The California Apartheid
- The fruit of Democrat supported racism is coming home to roost as Indians fight with each other over who has the most "Pure Blood".
- By a racist California law only the American Indian racial group in allowed to own a gambling business.
The Rolling Hills Casino, opened in 2002, has transformed the Paskenta Band of Nomlaki Indians into a wealthy nation. Every adult member of the Tehama County tribe gets $54,000 a year, and kids receive trust funds and scholarships. Casino profits paid for the tribe’s $3 million jet and more than 162 ounces of gold.
Now, Tribal Chairman Andy Freeman and about 60 angry tribal members are asking: Where’s the jet? Where’s the gold?
They stormed the Bureau of Indian Affairs office on Capitol Mall in Sacramento on Thursday to accuse the tribe’s economic development officer, former Sacramento FBI agent John Crosby, and treasurer and Tribal Council member Leslie Lohse of embezzling close to $10 million.
They’ve also accused Lohse, Crosby and Tribal Council members Geraldine Freeman and David Swearinger of launching a cyberattack on the casino, freezing some machines and forcing the casino staff to make all payouts by hand reports the Sacramento Bee.

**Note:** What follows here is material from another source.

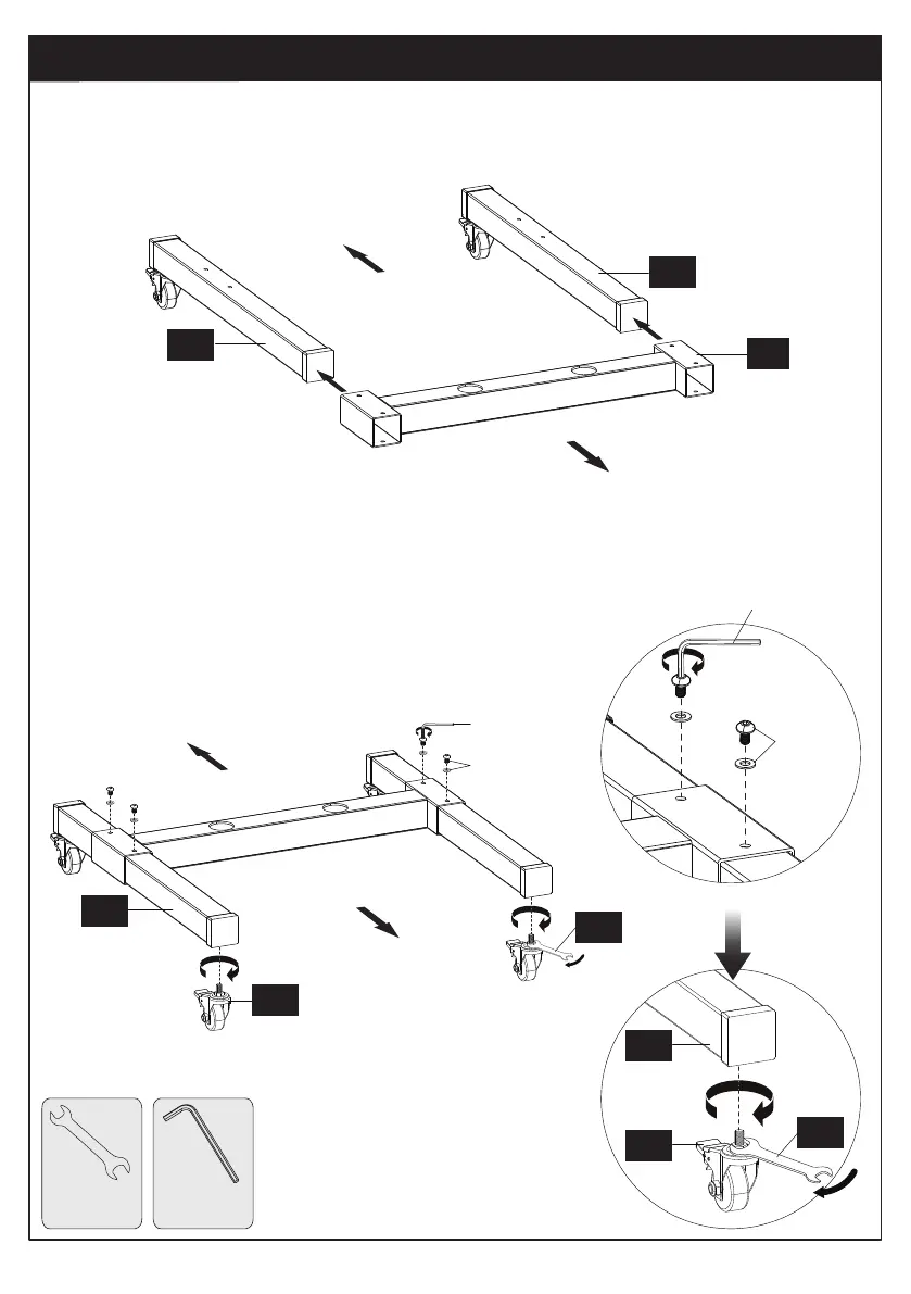 [Z-I]. Attach casters [04] to the square tubes [02] using the provided wrench [11].

Crosby and Lohse have fired back, saying they didn’t embezzle anything, and accusing the faction led by Andy Freeman of stealing all the tribal records and computers and hiring its own security force armed with AR-15s to take over the casino in a military-style operation.

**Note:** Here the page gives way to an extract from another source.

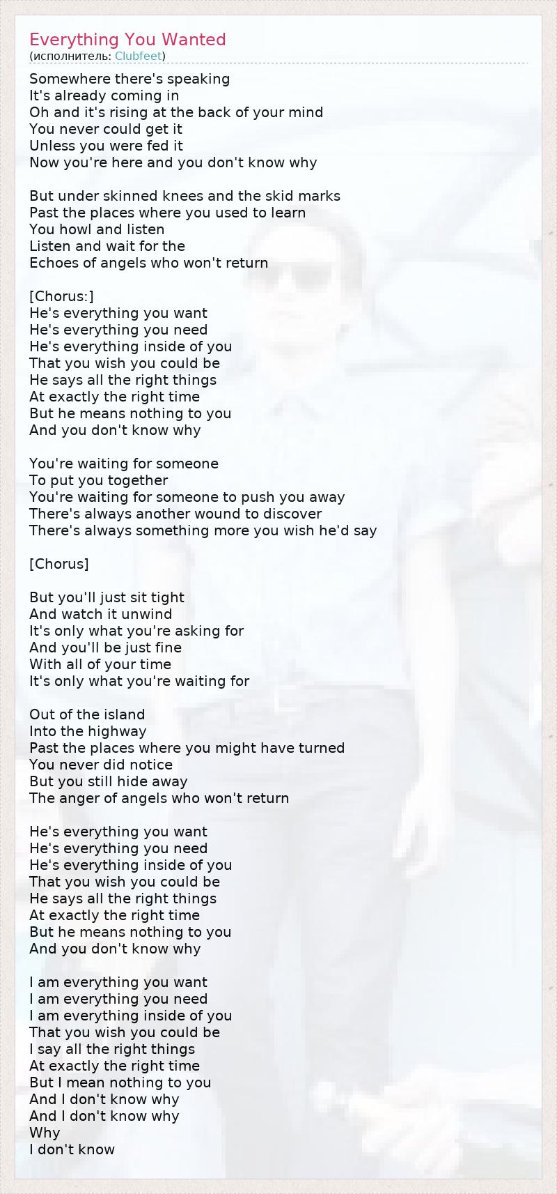 ГлавнаяИсполнителиClubfeetEverything You Wanted

Andy Freeman says Crosby, Lohse and about 40 members of the Henthorne, Crosby and Pata families have had their tribal membership and benefits suspended because they are not legitimate tribal members. The other side counters that it’s still in charge and has a letter from Troy Burdick, the BIA’s Central California superintendent, to prove it.
The bitter dispute over who runs the 216-member nation is one of a dozen intertribal feuds playing out in California Indian country, often involving casinos that gross hundreds of millions of dollars annually. Since these tribes are recognized as sovereign nations by the U.S. government, they have the right to pass their own laws and constitutions. They decide who’s in charge, who’s a member – and who’s not – and who gets a slice of casino revenue that can exceed $1 million a year per member.
Festering family rivalries and power struggles often boil to the surface, and several thousand California Indians have been disenrolled in the last decade, said Rick Cuevas, one of more than 300 members disenrolled from the Pechanga nation in Riverside in 2006. Those disputes can turn violent, and Lohse said she fears “another Cedarville.”